L'horloge 24/7 est l'autre différence, et elle se manifeste dans le calendrier et la répartition par jour de la semaine. La crypto ne respecte pas votre week-end, et le calendrier vous montre, en carrés colorés, si vos trades du samedi et du dimanche valent la peine ou ne sont que de l'ennui devant un graphique ouvert. Une grande partie des dégâts en crypto se produisent au milieu de la nuit et le week-end, dans des carnets d'ordres peu profonds, sur des positions qu'aucune personne sobre n'aurait ouvertes. Le registre ne vous fait pas la morale à ce sujet. Il l'additionne et le place un dimanche, en rouge, là où le schéma est impossible à manquer.
Le funding est le coût qui ronge discrètement un compte crypto, et il appartient au champ des frais.

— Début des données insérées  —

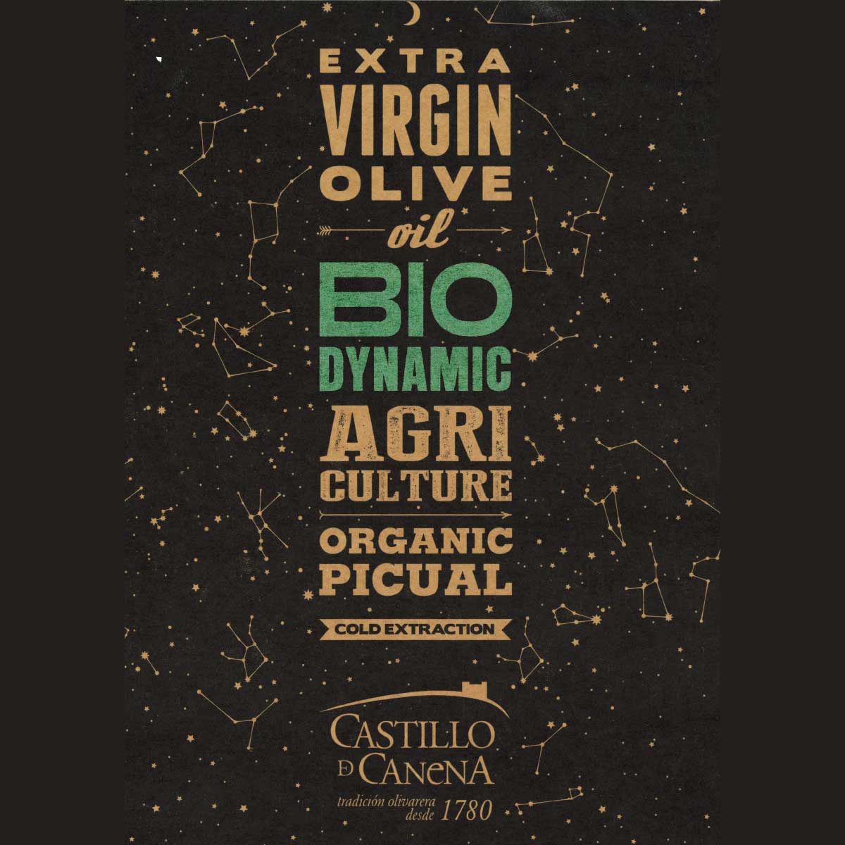 Our Biodynamic Arbequina EVOO is packaged in a rough-textured, natural-colored bottle, suggesting this concept of a return to the roots and the origins of rural activity with a constellation of stars and moon, the union of earth and heavens.
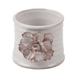 Maceta de Cerámica Azul Marino con Decoración de Flores en 3D, Maceta Pequeña para Plantas Suculentas para Decoración del Hogar
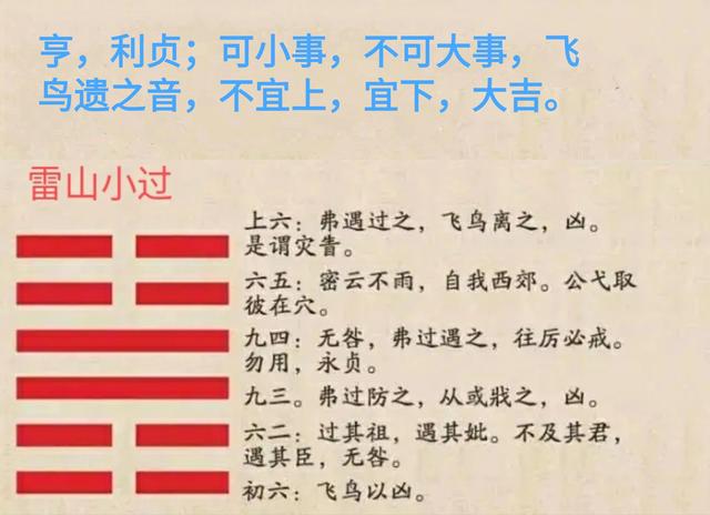 卦辞:亨,利贞;可小事,不可大事;飞鸟遗之音,不易上,易下,大吉。
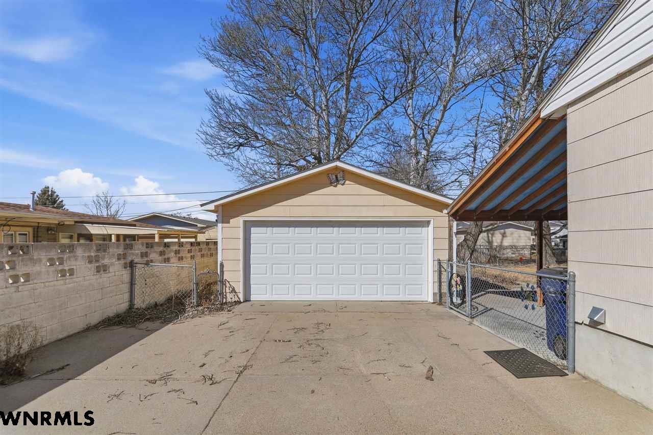 Charming ranch home with original hardwood floors in the living room and bedrooms. The main floor includes 2 bedrooms, a full bath, a spacious kitchen with modern touches, and a large pantry. The basement offers 2 non-conforming rooms with potential for bedrooms, a roomy rec area perfect for various activities, and a laundry room with a half bath. Step out to the backyard and enjoy the covered patio, insulated to stay cool on hot summer days, and shaded by several trees. Additional features include a detached 2-car garage, fenced backyard, and storage shed.
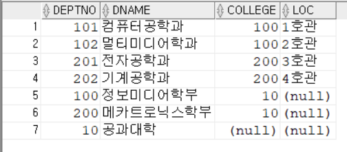 student 테이블의 데이터는 16개다. department의 데이터는 7개이다.
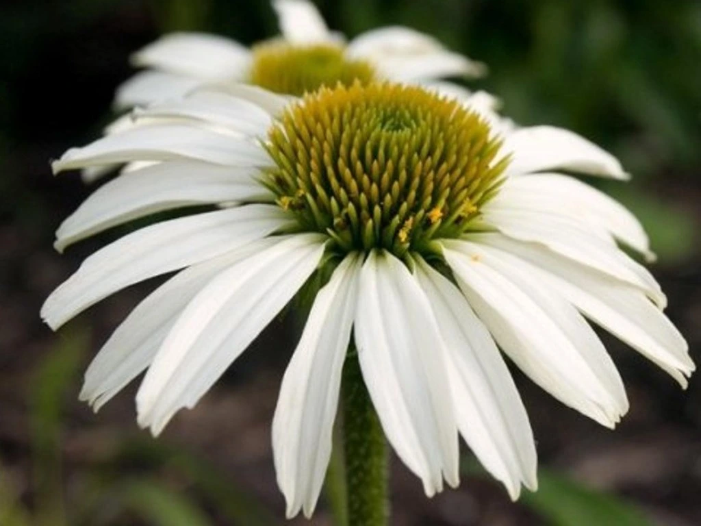 Echinacea 'Avalanche' - eine anspruchslose Staude, die aus dem Mittleren Westen Amerikas und Europas stammt. Wird oft als Heilkraut verwendet. Sie erreicht eine Höhe von etwa 20-40 cm. Die Blüten bestehen aus zarten, schmalen Blütenblättern, die weiß gefärbt sind. Die Mitte der Blüte ist braungelb gefärbt. Die Blätter sind tiefgrün. Für Schmetterlinge und andere Bestäuber sind diese Blüten aufgrund ihres auffälligen Aussehens und des verfügbaren Nektars attraktiv. Die Blütezeit ist von Juli bis September. Ideal für die Pflanzung in Beeten, Steingärten oder in Gefäßen mit anderen Kultivaren und Farbvarianten von Echinaceen. Sie ist nicht anspruchsvoll in der Pflege. Geeignet für den Schnitt.
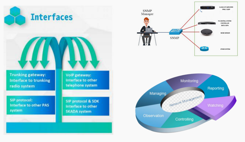 The NMS server software is based on the BS structure. The installation and operation environment is a Linux server. It is accessed through the web browser WEB-GUI.The system performs network management on all devices in the system based on the SNMP protocol. The management objects include PA Server, PA Console, PA automatic control box,IP Power amplifier, Noise sensor, etc., all device connect to the system. The management content includes: map navigation to quickly locate the location of each device, real-time view of the health status of each managed object, and any alarms in the device and PA Server are reported immediately.
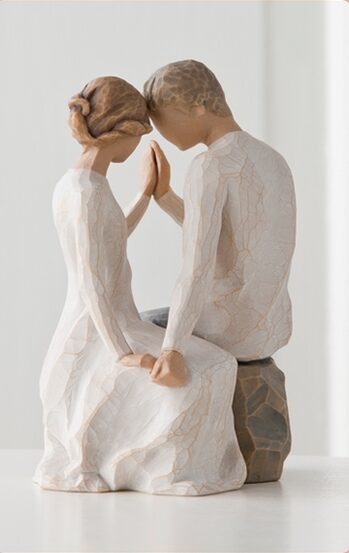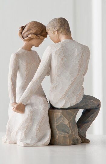 Min udfordring var at forme figuren som en cirkel, så man fra hver vinkel får en ny oplevelse… man ser variationer. Der er ingen korrekt måde at placere figuren på. Der er tre berøringspunkter – deres fingre på begge hænder og toppen af deres hoveder. Jeg kan godt lide den lille smule forbindelse – den prikkende spænding og delte energi, der kommer fra øjeblikke sammen med en ny kærlighed.” -Susan Lordi
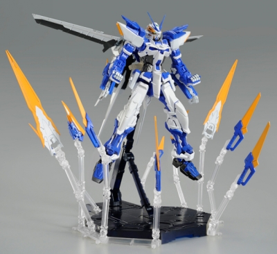 本アイテムは、11月店頭発売予定の「MG ガンダムアストレイ ブルーフレームD」の武装「ドラグーン」と組み合わせることで、空中にドラグーンを射出した2種類のイメージを再現可能なディスプレイセット。
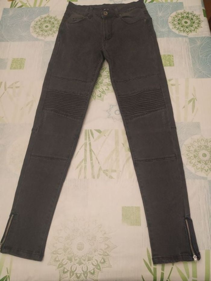 Très bon état, comme neuf Fermetures en bas des jambes Jean non pas troué mais élimé à plusieurs endroits pour le style.
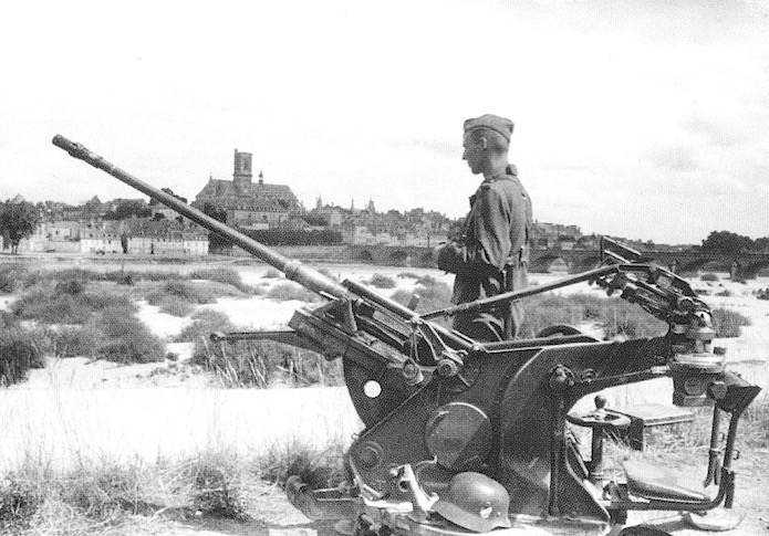 A Nevers, tandis qu’un Feldgendarme règle la circulation sur le pont principal, un canon Flak de 20 mm a été mis en batterie non loin du pont. Les Allemands semblent encore craindre des attaques aériennes provenant de l’Armée de l’Air dont la majorité des escadrilles survivantes à l’hécatombe de la bataille qui vient de voir l’effondrement total de l’Armée française se sont retirés dans le sud de la France.
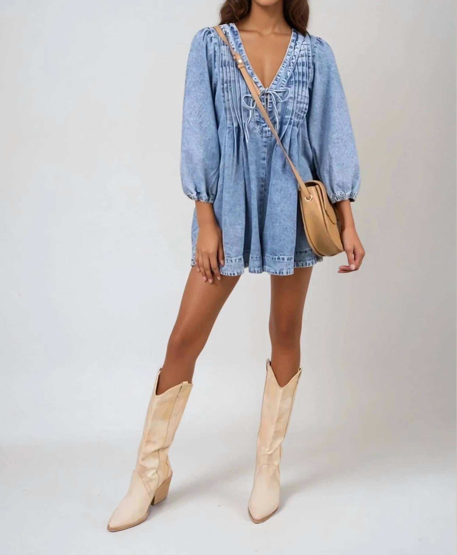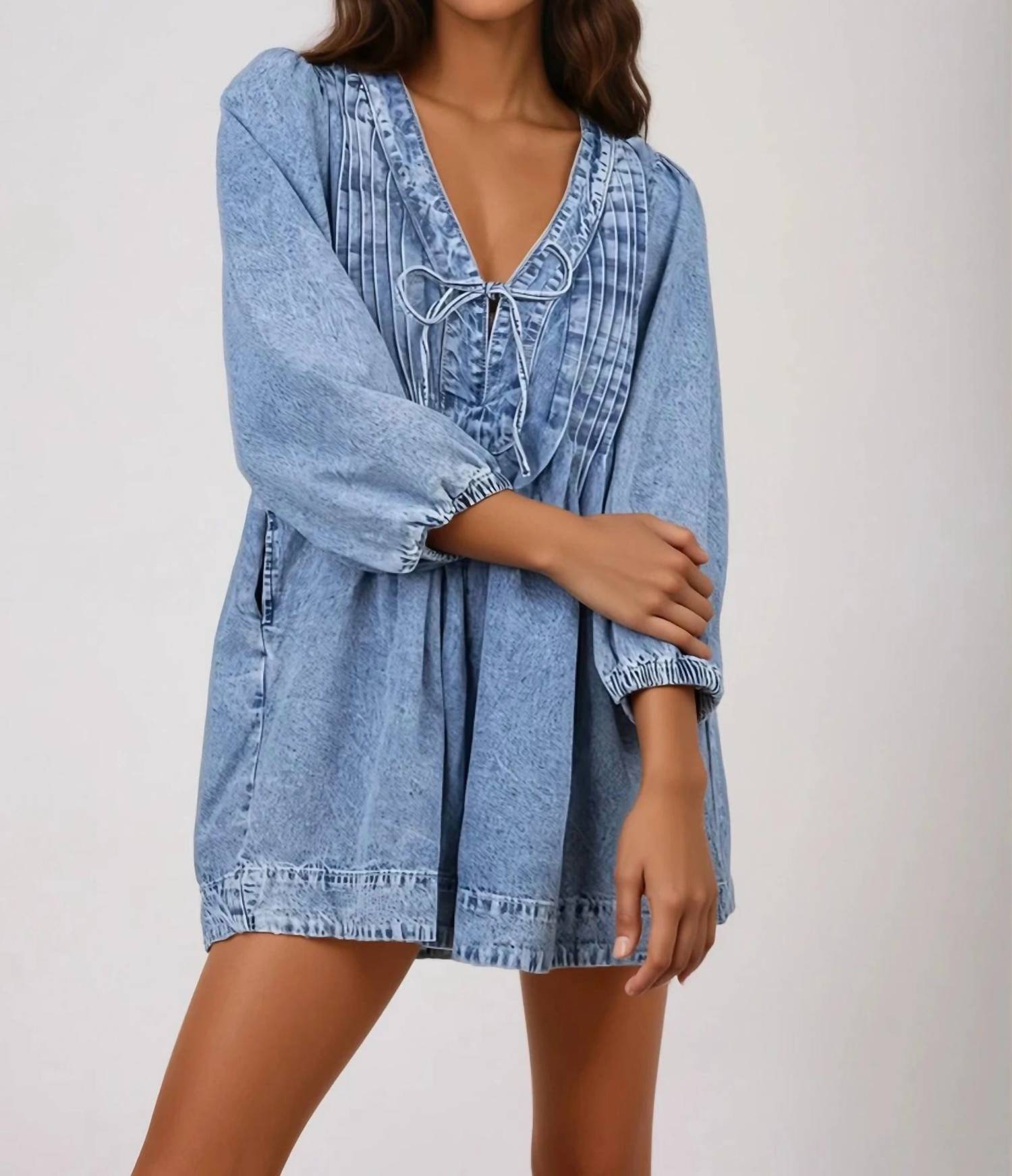 It doesn't take much for this one piece to look effortlessly cool. Add some statement jewelry to dress it up, or throw on some sneakers for a more casual vibe. Introducing the Long Sleeve Webster Denim Romper by Veveret, a chic addition to your summer wardrobe. This blue romper is crafted from 100% cotton in a medium washed denim, featuring functional side pockets and a mini length for a modern look. The design includes a deep v-neck with a string tie closure, pleated detailing, and 3/4 sleeves with elastic cuffs for a touch of sophistication. Care: Machine wash and tumble dry for easy maintenance.
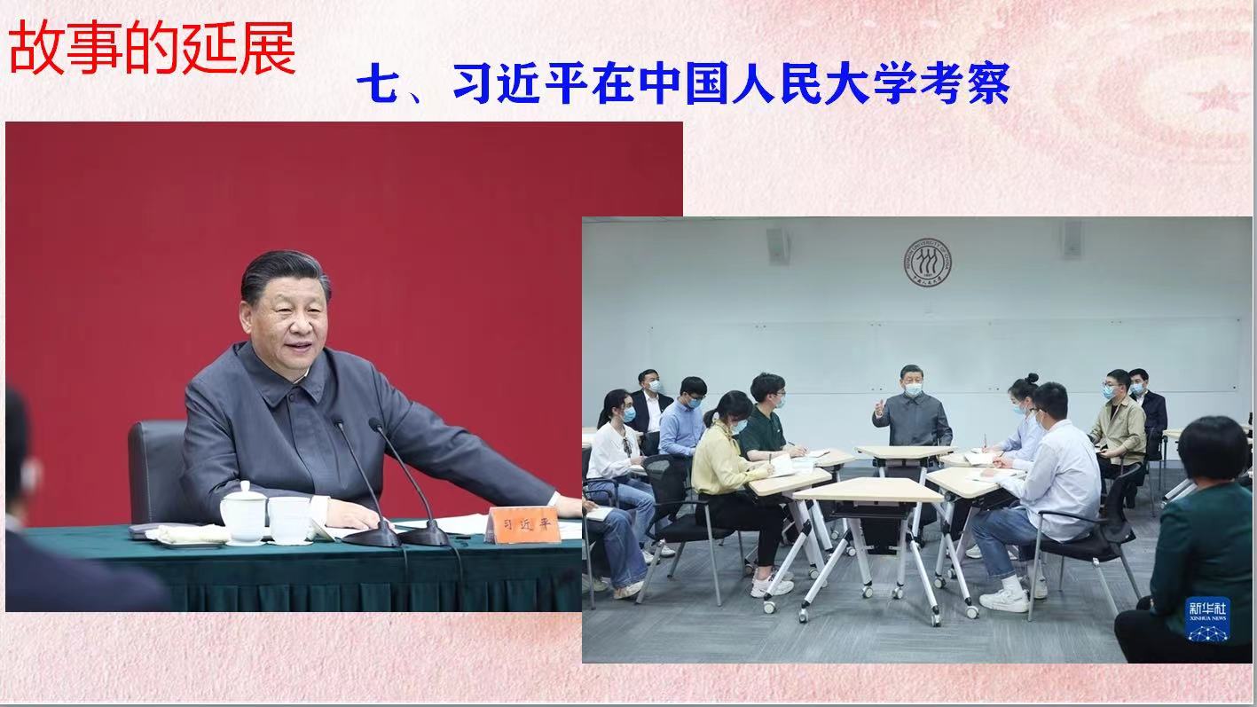 在课程研学中,同学们结合故事内容,通过“红色云展厅”的相关视频赏析、习近平考察中国人民大学时与大学生朋友们的温暖瞬间等,分享了五四精神的科学内涵对青年发展的启示、中国共产党人独特的价值追求的领悟、第二个百年奋斗历程中新青年新时代的使命与担当等体会和感想。
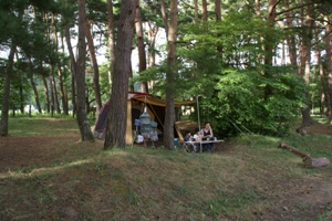 松林の中の設営風景。
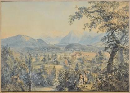 Paysage suisse, aquarelle, signée et datée 1793, 45x64 cm

Conservez un perpétuel à travers suffisamment de périodes de funding et le goutte-à-goutte s'additionne en argent réel, que le prix ait joué en votre faveur ou non, donc l'enregistrer garde votre profit et perte enregistré honnête et empêche une position qui a saigné par le funding de ressembler à un scratch propre. Si vous tradez des perpétuels, le tableau de bord du funding montre ce que coûte le maintien de positions sur différentes plateformes, et la calculatrice de prix de liquidation vous dit où la position se termine avant de l'ouvrir, de sorte que le stop que vous notez dans le journal soit un stop que vous avez placé délibérément.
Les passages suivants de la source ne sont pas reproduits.